My brother insulted my brother's pick for his baby's name, RUINED mood!

My older brother will become a dad for the second time around Xmass. They know it’s a boy, and have picked out the name Sebastian. My younger brother went on an (appearantly druken) spiel mocking the pick, say we should call him Butch, or Ed (the baby’s middle name, and his Dad’s name). My brother mocked his long hair and his attitude, to the point they had to eat and run (Sebastian’s Dad weas hosting). Now, ITA my younger bro was yutz, though I couldn’t tell he was tipsy. My older brother also overreacted IMO. Sebastian is a great name, though it DOES have the disadvantage of no ready-made nickname.

So, in summation, Thanks Matt for making a scene needlessly at Thanksgiving!

‘Cabot’?

Well, clearly Matt was being a major jerk, but really, calling your son Sebastian is just asking for it.

Get bach to where you came from!

Big S
Sabby
Bas
Tian
Little S
Fat S
Ess
Big S

Plenty of great nicknames.

My friend’s dog is named Sebastian and she almost exclusively calls him “Bast”

What I meant by nickname: We call Sebastian’s dad Ed, his given name is Edward.
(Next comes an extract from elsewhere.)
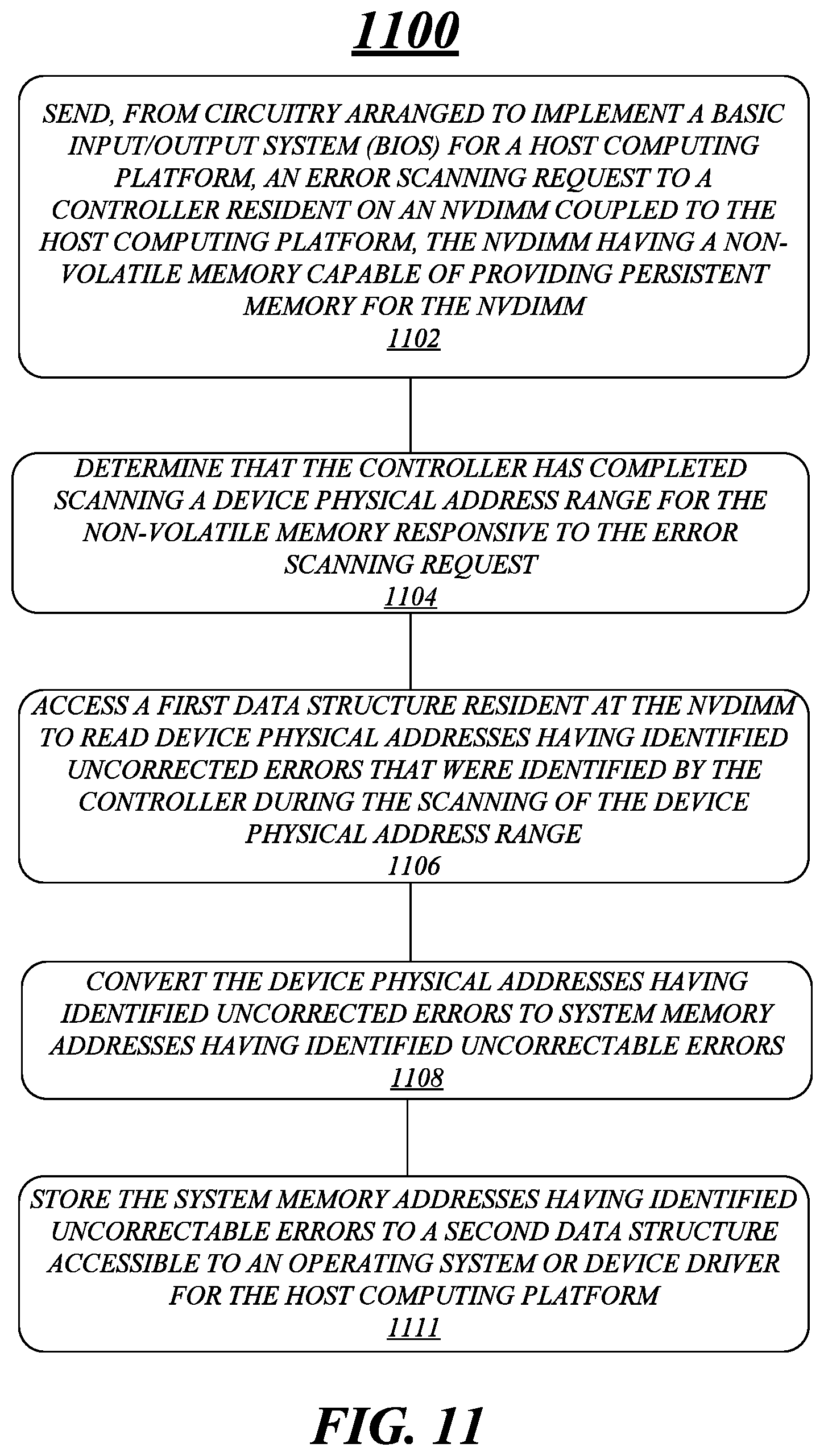 This application is a continuation of U.S. patent application Ser. No. 15/687,957, filed on Aug. 28, 2017, now U.S. Pat. No. 10,417,070, and entitled “TECHNIQUES FOR HANDLING ERRORS IN PERSISTENT MEMORY”, which is a continuation of U.S. patent application Ser. No. 14/319,387, filed on Jun. 30, 2014, now U.S. Pat. No. 9,753,793, and entitled “TECHNIQUES FOR HANDLING ERRORS IN PERSISTENT MEMORY”. The entire specifications of which are hereby incorporated herein by reference in their entirety. Examples described herein are generally related to handling errors for persistent memory in a non-volatile dual in-line memory module (NVDIMM). Memory modules coupled with computing platforms or systems such as those configured as a server may include dual in-line memory modules (DIMMs). DIMMs may include types of volatile memory such dynamic random access memory (DRAM) or other types of memory such as non-volatile memory. As DRAM and other types of memory technologies have advanced to include memory cells having higher and higher densities, memory capacities for DIMMs have also substantially increased. Since DRAM is a volatile memory, power failures or resets may result in loss of most if not all data maintained in DRAM at the time of power failure or reset. Also, some non-volatile memory technologies may utilize encryption schemes that may result in a loss of encryption information following a power failure or reset and thus non-volatile memory for these technologies may function as a sort of volatile memory since encrypted data may be inaccessible due to the loss of encryption information. Further, large memory capacities for these types of memory technologies present a challenge for an operating system (OS) or an application (e.g., device driver) to sense a power failure and attempt to prevent or reduce data loss. In some examples, in order to mitigate or reduce data loss in the event of a power failure or reset, a type of memory module that includes both volatile memory and non-volatile memory has been developed. This type of memory module is commonly referred to as a non-volatile DIMM (NVDIMM). Typically, NVDIMMs may be a combination of DRAM and a type of non-volatile memory such as NAND flash memory or may be a combination of DRAM and a type of non-volatile memory technology such as 3-D cross-point memory that may function as both volatile and non-volatile memory. NVDIMMs may provide persistent memory via use of non-volatile memory by capturing images (e.g., check pointing) of volatile memory content following a cutoff of power to the NVDIMM due to an intentional or unintentional system or component/device reset. A super-capacitor package may be coupled with an NVDIMM to maintain power to the NVDIMM for long enough to capture images of the volatile memory content to the non-volatile memory. According to some examples, an NVDIMM including non-volatile memory to provide persistent memory for types of memory at the NVDIMM such as DRAM or some types of non-volatile memory (e.g., 3-D cross-point memory) may have uncorrected errors in volatile memory that are generally not recoverable. However, these uncorrected errors may vanish on reboot or reset of the NVDIMM either because the error was due to a data error or a basic input/out system (BIOS) for a computing platform coupled with the NVDIMM may cause memory addresses deemed as error prone to be mapped out of system memory. However, uncorrected errors for non-volatile memory used as persistent memory may not vanish on reboot or reset. BIOS may not be able to clean these uncorrected errors because data loss may occur. As a result, uncorrected errors in the non-volatile memory used as persistent memory may have a potential to cause a “groundhog day” scenario that may result in a system at a computing platform continuing to fail on access to non-volatile memory address locations having uncorrected errors. Software such as an operating system (OS) or device driver needs a priori knowledge of uncorrected errors in the non-volatile memory used as persistent memory so a decision can be made to not map or access persistent memory address locations having uncorrected errors. In some examples, the OS or device driver for a computing platform coupled to the NVDIMM may not have access to device physical addresses (DPAs) since these addresses remain within the NVDIMM and are not exposed to the OS or device driver. Also, system physical addresses (SPAs) may incorporate multiple NVDIMMs and/or interleaved NVDIMMS while DPAs are device specific. Therefore, identified uncorrected errors having DPAs need to be converted to SPAs so that the OS or device driver can decide not to map or access persistent memory address locations having uncorrected errors. It is with respect to these and other challenges that the examples described herein are needed. Techniques for handling errors in persistent memory included in an NVDIMM may be implemented via one or more example methods. A first example method may include a controller resident on an NVDIMM receiving an error scanning request. Responsive to the error scanning request, a DPA range for a non-volatile memory at the NVDIMM capable of providing persistent memory for the NVDIMM may be scanned by the controller. Uncorrected errors may be identified in the DPA range and the DPA addresses having the identified uncorrected errors may be indicated to a BIOS for a computing platform coupled with the NVDIMM. A second example may include a BIOS arranged to be implemented by circuitry at a host computing platform. The BIOS may send an error scanning request to a controller resident on an NVDIMM coupled to the host computing platform. The NVDIMM may have a non-volatile memory capable of providing persistent memory for the NVDIMM. For this second example method, the BIOS may be capable of determining that the controller has completed scanning a DPA range for the non-volatile memory responsive to the error scanning request a

BTW, we have a VERY ethnic (Italian) name, and IMO names that roll off the tongue don’t jump into my mind too readily. Happily, I probably will never have this problem.

Do they call the cat “Sirius”? :smiley:

I’ve generally heard of Sebastians answering to “Seb”. (In the UK)

See, the OP’s friend should get a dog and name it Sebastian so that the little mongrel’s (the child, not the dog) [del]bullies[/del] friends can ask “They named you after the dog?”

I still can’t believe that Sallah is Gimli.

It doesn’t matter what nickname you try to give your kid. His friends will look at him and give him his real nickname in short order.

[Roy Batty]
Now… where would we find this… Sebastian?
[/Roy Batty]

Bastian, natürlich.

Sebastian is a great name for a baby; a million times better than another Dylan or Jayden. Your younger brother is an ass; what your older brother names his baby is none of his damned business.

Seriously, is everyone too stuffed on turkey and wine to point out that this is a fucking lame pit?

What? There is still pie left, huh?
Carry on.

I had a med school classmate named Sebastian. We called him Seb.

“Sebastian” is hardly a mock-worthy name these days.

A good friend just named his little boy “Ryker.” It has been a Herculean effort to not say anything.

Ooh, just thought of a good burn; your older brother should have said, “We’ll nickname him after you, and call him Ass.” :smiley:

“Ryker?” Does the kid lead with his head whenever he walks? Tug his shirt down a lot?

And it’s only a short step to “Bastard.”

My sister-in-law is a teacher (3rd grade) and had a student (boy) named Lorax. Poor kid is going to spend a lot of time in a locker.